Personal information
- Born: February 10, 1959 (age 67) Lubbock, Texas, U.S.
- Listed height: 5 ft 8 in (1.73 m)
- Listed weight: 173 lb (78 kg)

Career information
- High school: Dunbar (Lubbock)
- College: Baylor
- NFL draft: 1982: 4th round, 89th overall pick

Career history
- Chicago Bears (1982–1992);

Awards and highlights
- Super Bowl champion (XX); First-team All-Pro (1986); Second-team All-Pro (1987); First-team All-SWC (1980);

Career NFL statistics
- Receptions: 171
- Receiving yards: 2,076
- Return yards: 4,353
- Total touchdowns: 16
- Stats at Pro Football Reference

= Dennis Gentry =

American football player (born 1959)

Dennis Louis Gentry (born February 10, 1959) is an American former professional football player for the Chicago Bears of the National Football League (NFL). He played college football for the Baylor Bears. He was selected by the Chicago Bears in the fourth round of the 1982 NFL draft. He spent his entire 11-year NFL career with Chicago from 1982 to 1992, and was a part of the Bears team that was victorious in Super Bowl XX versus the New England Patriots. He was also a member of the "Chicago Bears Shufflin' Crew" in the video "The Super Bowl Shuffle," which featured him pantomiming on the bass.
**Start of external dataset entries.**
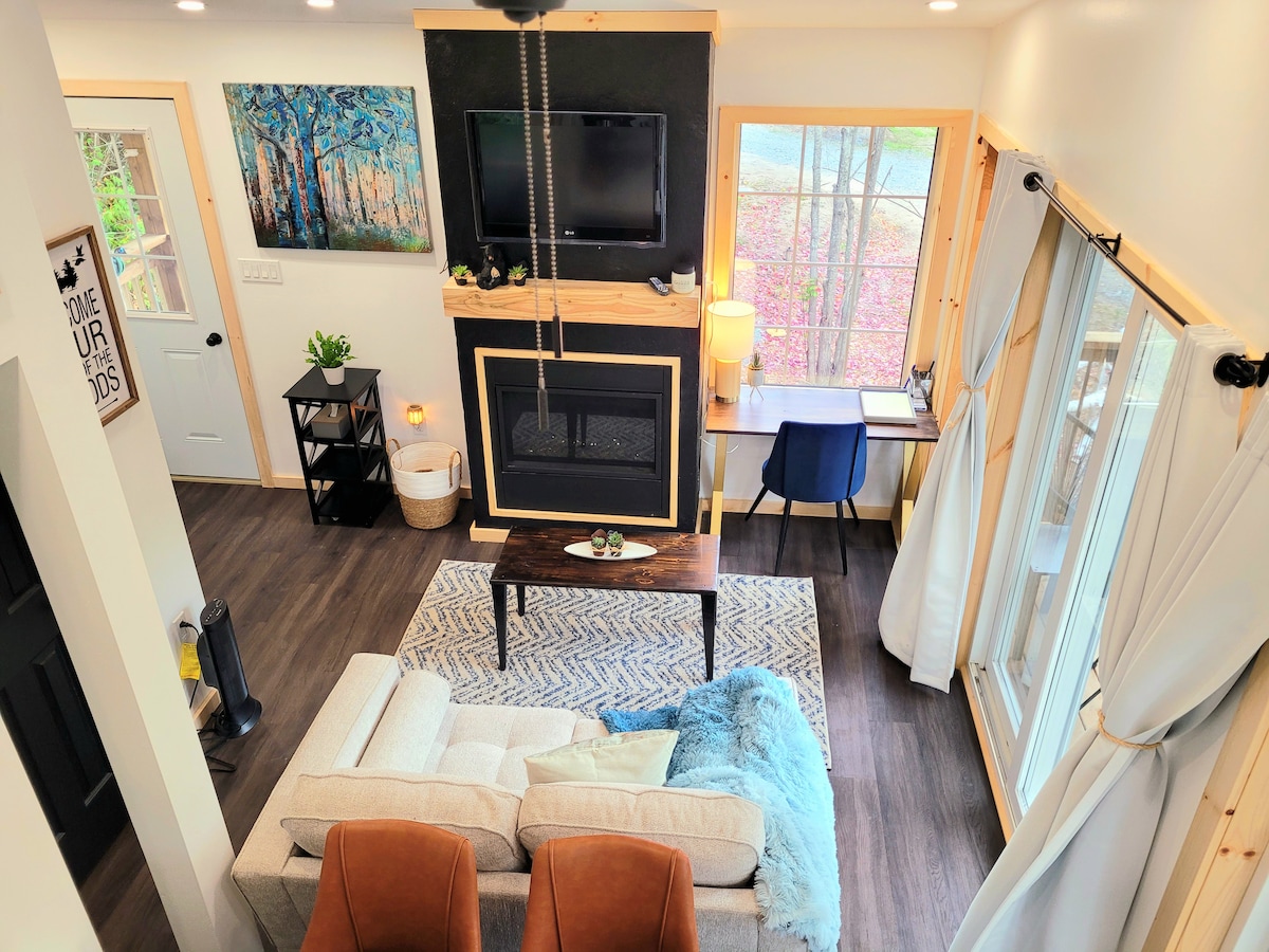 Nuestro alojamiento es perfecto para dos adultos y dos niños (estilo Tiny home). Convenientemente ubicado a poca distancia de una playa y senderos. Esta ubicación es el lugar perfecto para disfrutar de actividades para cualquier temporada. Esta casa loft de cuatro estaciones con sauna de cedro, se puede disfrutar durante todo el año. Nota: 🛶 Necesitas un auto para los kayaks 🪜El loft tiene una escalera y el techo no es demasiado alto. Propiedad 🌲🌲forestal no frente a🏖 la playa, pero sí accesible a pie. 🐻Ten en cuenta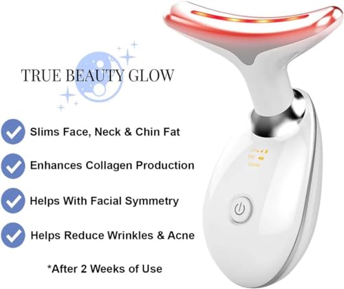 Keeplus - جهاز تدليك الوجه ترو بيوتي جلو، سبعة ألوان لتدليك الرقبة وشد الوجه ومضاد للتجاعيد ومقاوم الشيخوخة مناسب لتدليك الوجه والرقبة والعناية بالبشرة (أبيض)
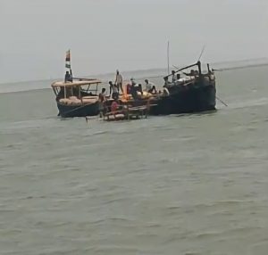 गंगा नदी में डूबा मक्का लदा नाव, बाल- बाल बचे नाव पर सवार लोग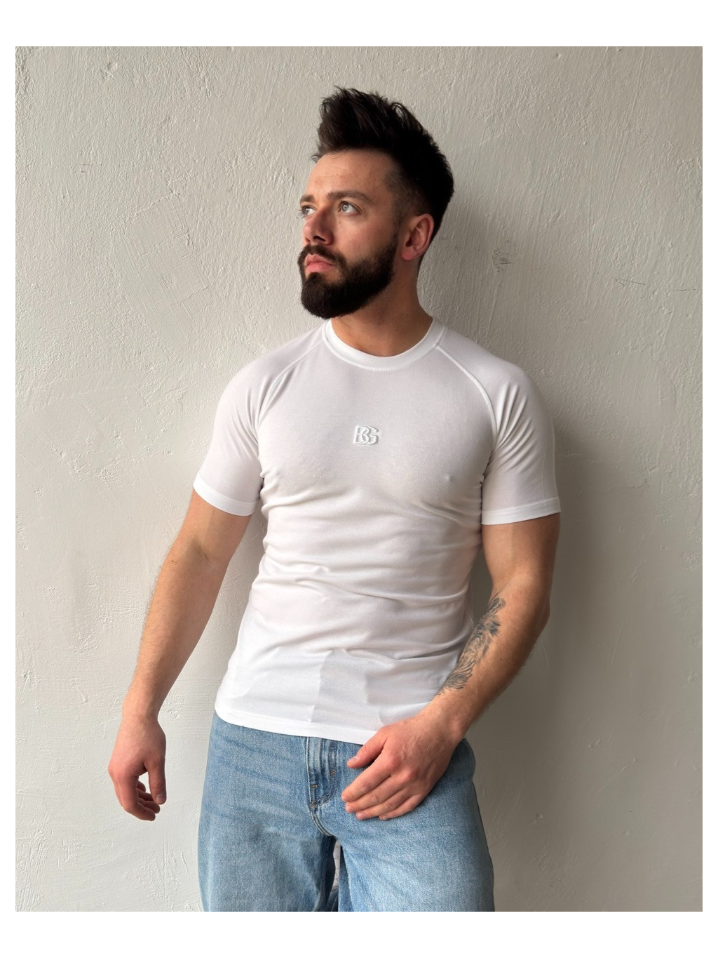 Pánské tričko BG LIGHT z kvalitního viskózového materiálu. Tričko podepsané monogramem BG uprostřed v tónu materiálu. Přiléhavý střih a raglánový rukáv zdůrazňují siluetu.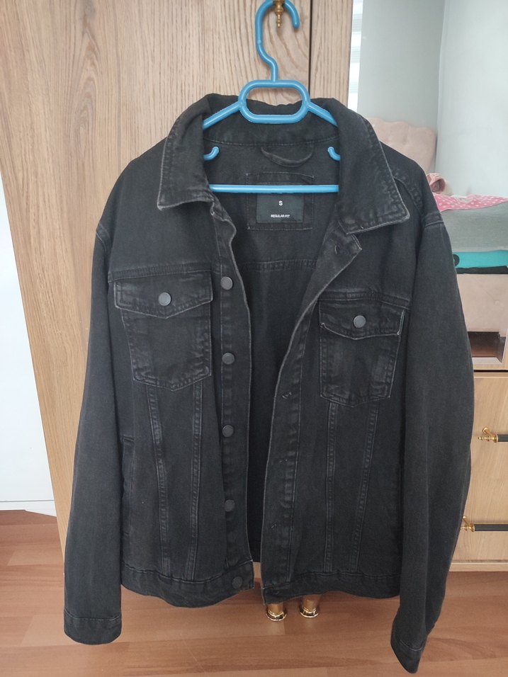s beden sorunsuz marka temsili Siyah renk, düğmeli, uzun kollu ve notched yaka detaylı bol kesim kadın denim ceket. Günlük rahat sokak stili için uygundur.
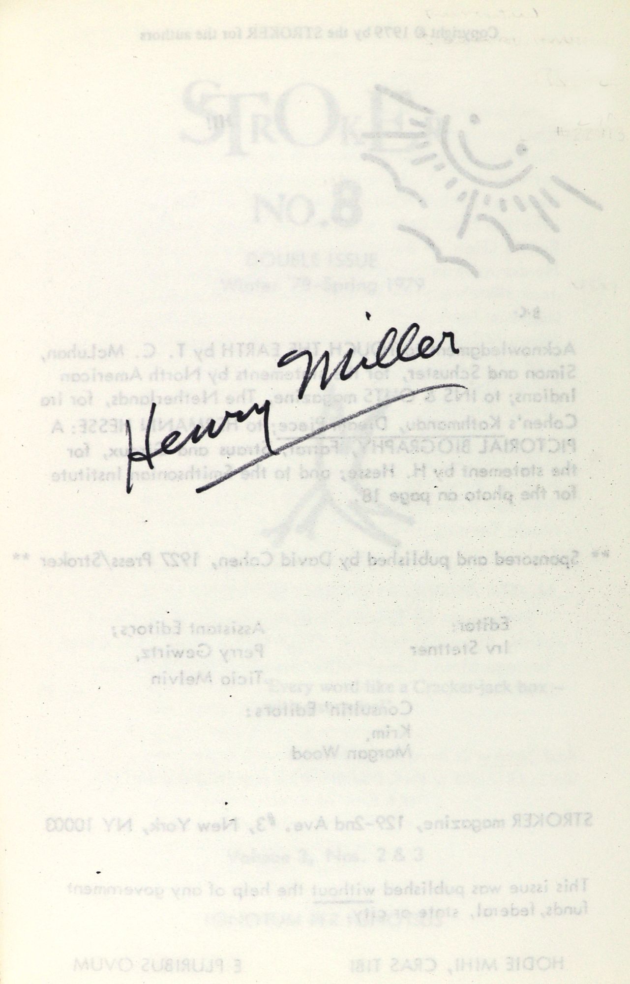 New York: Stroker Magazine, 1979. Very Good. New York: Stroker Magazine, 1979. First Edition. Signed by Henry Miller without inscription on flyleaf. Octavo; 44pp. Side-stapled illustrated wraps. Covers lightly shelfworn with a couple light crimps along spine. Binding is sound and pages unmarked.

In 2001, he was the running backs coach for the XFL's Chicago Enforcers until the league folded. Later that year he was hired as a BLESTO regional scout for the Detroit Lions until 2011.

Gentry finished his career with 171 receptions for 2,076 yards and seven touchdowns. He also rushed for 764 yards and five touchdowns. But his main contribution came as a kick returner, and is currently ranked third in return yardage (4,353) for the Bears. Dennis is also tied for the club's all-time kick returns with 192. In 1986, he led the NFL with a 28.8-yards-per-return average.